Forensic laboratories in the United States do not currently use DNA approaches to characterize biological taxa in geologic material, says Tiedge. The study will use a method called DNA metabarcoding to identify the different taxa present in such evidence and determine which taxa are most stable so that they may reliably aid in forensic investigations.

The result could provide forensic scientists with the foundational framework to adopt such approaches to regularly analyze soil and dust evidence.

“Characterizing biological taxa from geologic evidence could revolutionize forensic geology by providing greater accuracy for sample-to-sample comparisons and site separation,” says Meiklejohn.

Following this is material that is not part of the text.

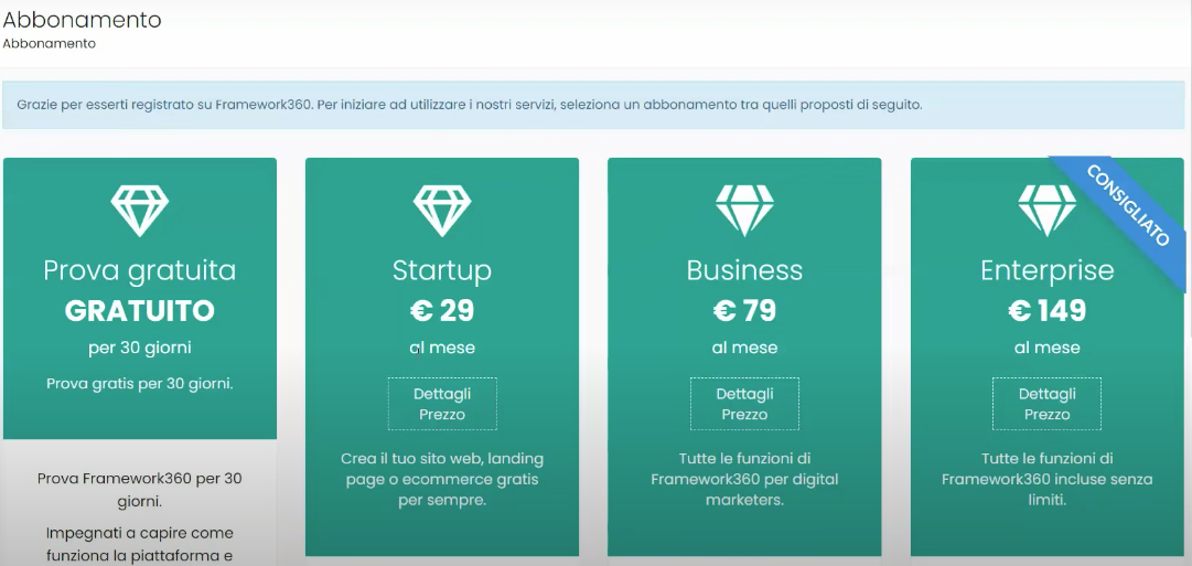 I should specify that all plans include all functionalities of Framework360, with the difference being in the scaling of resources; for example, the number of Leads in the Enterprise plan is 5,000, whereas it's 50,000 in Business and finally, 10,000 in Start up.

For the project, Tiedge is collecting mock geological evidence monthly for a year from an urban and agricultural site in Raleigh. DNA metabarcoding will be used to characterize bacteria, fungi, insects and plant material associated with each mock evidence sample using new sequencing technologies. Eventually, statistical charts which illustrate differences between evidence types, study sites and collection times will be used to pinpoint which taxa can reliably be used for sample-to-sample comparisons.

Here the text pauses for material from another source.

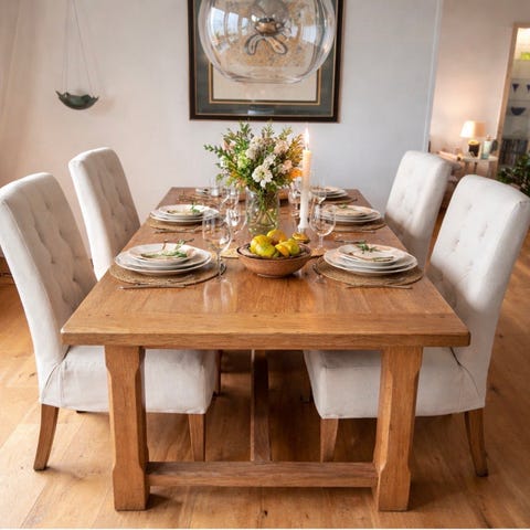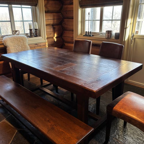 For seg gjort hel eik med innleggs plate. Bordplate er ny pusset og behandlet med Osmo. i meget god stand.
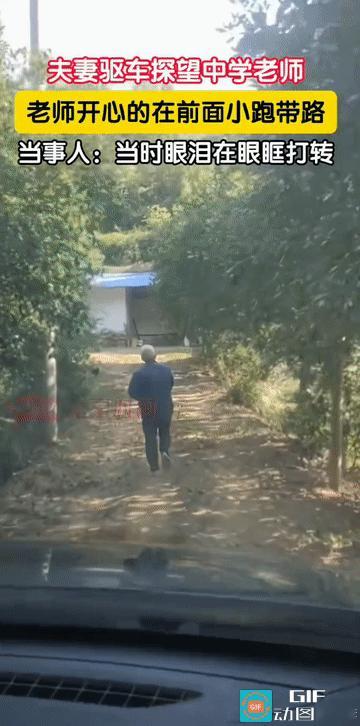 “泪目了!”江西赣南,夫妻俩驱车探望中学老师,快到家时,老师兴奋地小跑在前面带路

“The breadth of research conducted at the CVM is vast, and this fellowship only exemplifies this,” says Meiklejohn. “I hope this fellowship will be the first of many, as we continue to grow an exceptional forensics research program at the CVM.”

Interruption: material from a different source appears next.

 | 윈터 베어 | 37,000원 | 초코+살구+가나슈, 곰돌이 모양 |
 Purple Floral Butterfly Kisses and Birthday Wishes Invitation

This is exciting work for Tiedge, who grew up watching “Forensic Files,” a TV show that showcases crimes often solved in part through extraordinary, untraditional means such as a faceprint on a plastic bag or sand transferred from a crime scene to a car’s floorboard.

Kelly Meiklejohn
Kelly Meiklejohn

She began taking forensic science classes in high school, eventually earning bachelor’s and master’s degrees in forensic science. While Tiedge was working on her master’s at the Pennsylvania State University, the program’s interim director, Jack Hietpas, connected her with Meiklejohn, whom he had worked with when they were postdoctoral research fellows at the FBI.

Meiklejohn joined the CVM’s Department of Population Health and Pathobiology in 2018 as a Chancellor’s Faculty Excellence Program cluster hire in forensics. Tiedge joined her lab to pursue her Ph.D. in 2020.

“The biggest impact I hope to make is to help people,” says Tiedge. “I always admired that forensic scientists were able to assist in obtaining justice for victims. I hope that this research will be able to do that one day.”